**Task to carry out**. Only an exact copy of the lines from the one containing "level of importance." through the last line of the material below belongs in the answer, with no pictures.

**Data segment**.
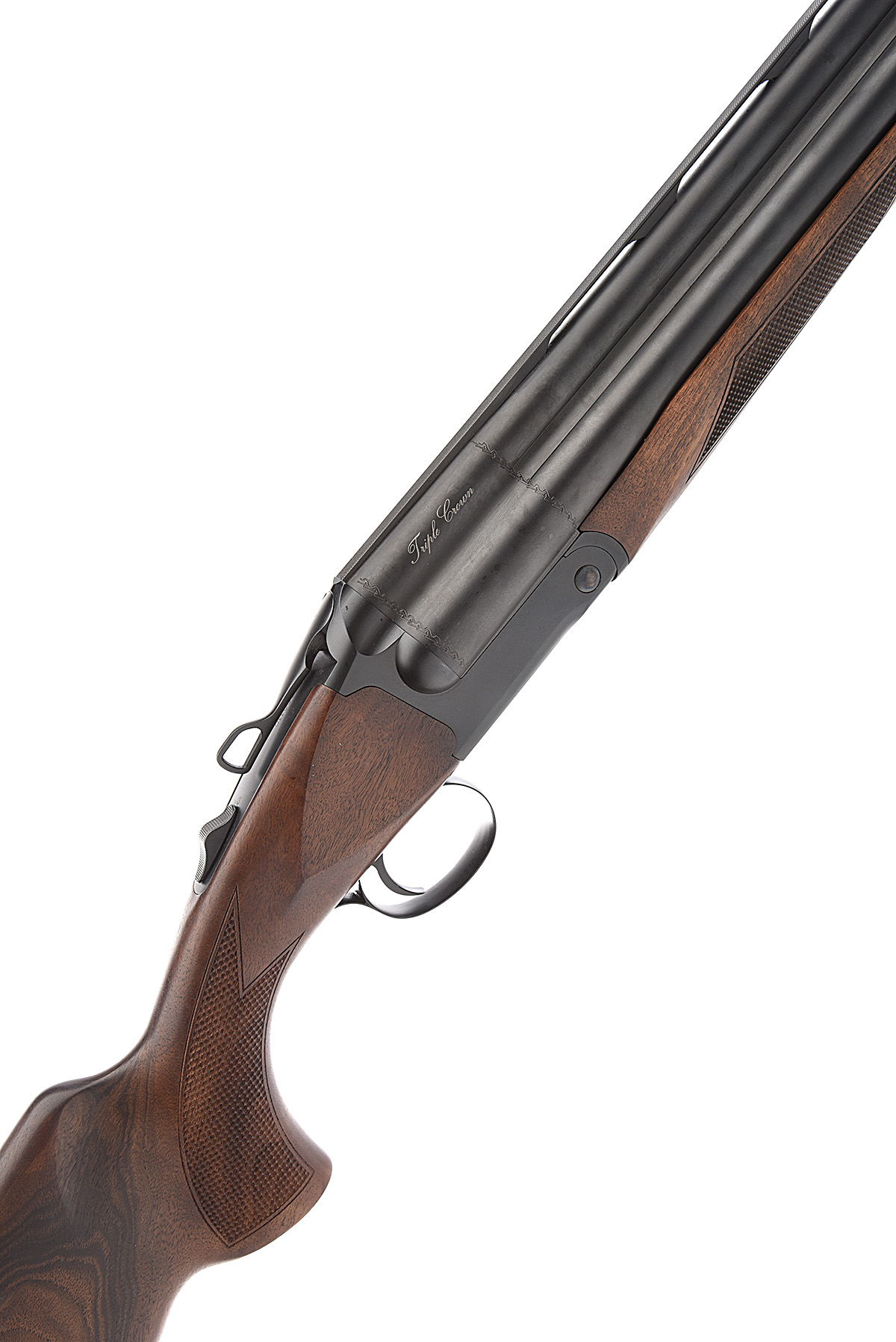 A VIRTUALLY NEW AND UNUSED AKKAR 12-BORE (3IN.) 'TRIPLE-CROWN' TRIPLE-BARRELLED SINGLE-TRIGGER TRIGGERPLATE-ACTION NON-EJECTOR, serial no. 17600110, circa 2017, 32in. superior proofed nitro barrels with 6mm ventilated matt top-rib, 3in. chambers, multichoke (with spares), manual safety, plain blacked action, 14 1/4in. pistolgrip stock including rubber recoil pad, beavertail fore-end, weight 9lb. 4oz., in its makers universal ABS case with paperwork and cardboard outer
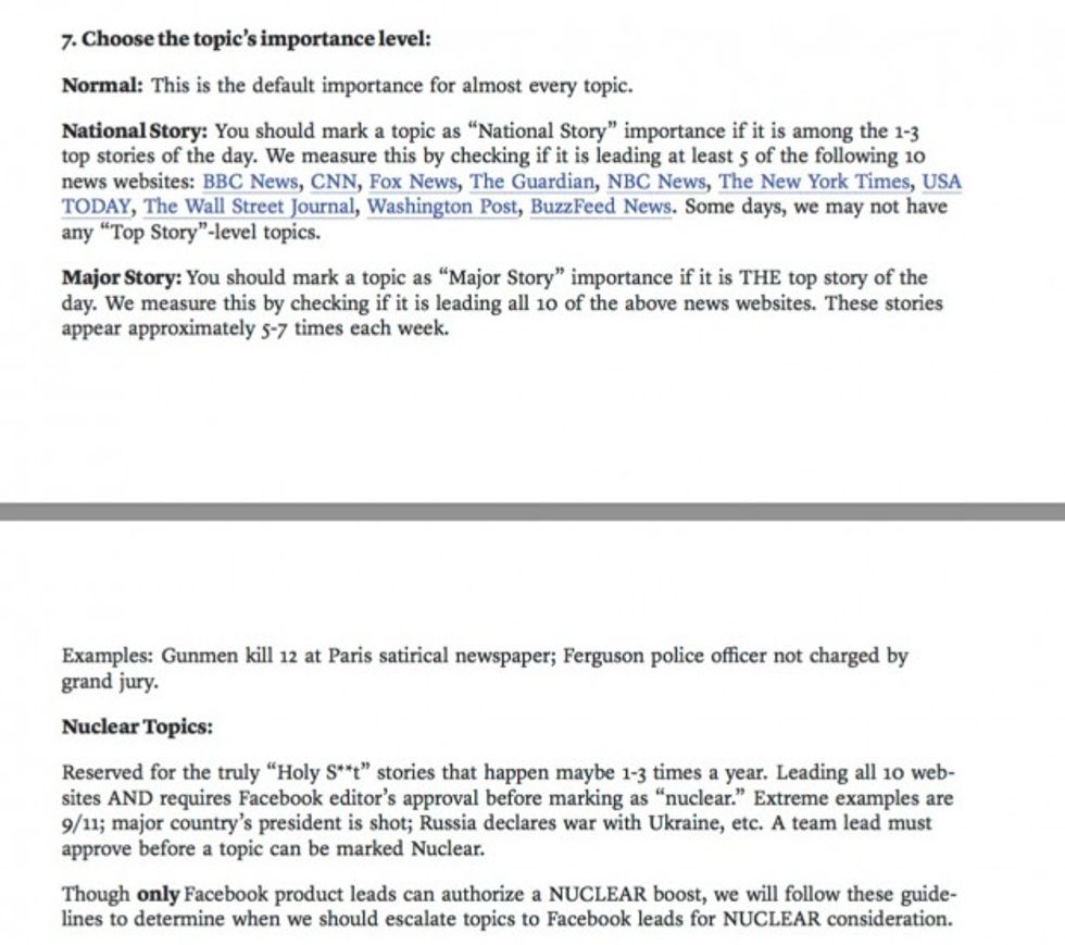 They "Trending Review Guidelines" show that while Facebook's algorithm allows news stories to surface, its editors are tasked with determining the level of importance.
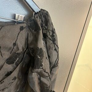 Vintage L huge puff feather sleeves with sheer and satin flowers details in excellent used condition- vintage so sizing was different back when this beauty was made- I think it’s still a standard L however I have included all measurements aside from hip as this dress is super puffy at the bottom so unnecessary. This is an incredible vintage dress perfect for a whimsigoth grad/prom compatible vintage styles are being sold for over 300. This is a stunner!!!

**Answer section**.
 They "Trending Review Guidelines" show that while Facebook's algorithm allows news stories to surface, its editors are tasked with determining the level of importance.
 Vintage L huge puff feather sleeves with sheer and satin flowers details in excellent used condition- vintage so sizing was different back when this beauty was made- I think it’s still a standard L however I have included all measurements aside from hip as this dress is super puffy at the bottom so unnecessary. This is an incredible vintage dress perfect for a whimsigoth grad/prom compatible vintage styles are being sold for over 300. This is a stunner!!!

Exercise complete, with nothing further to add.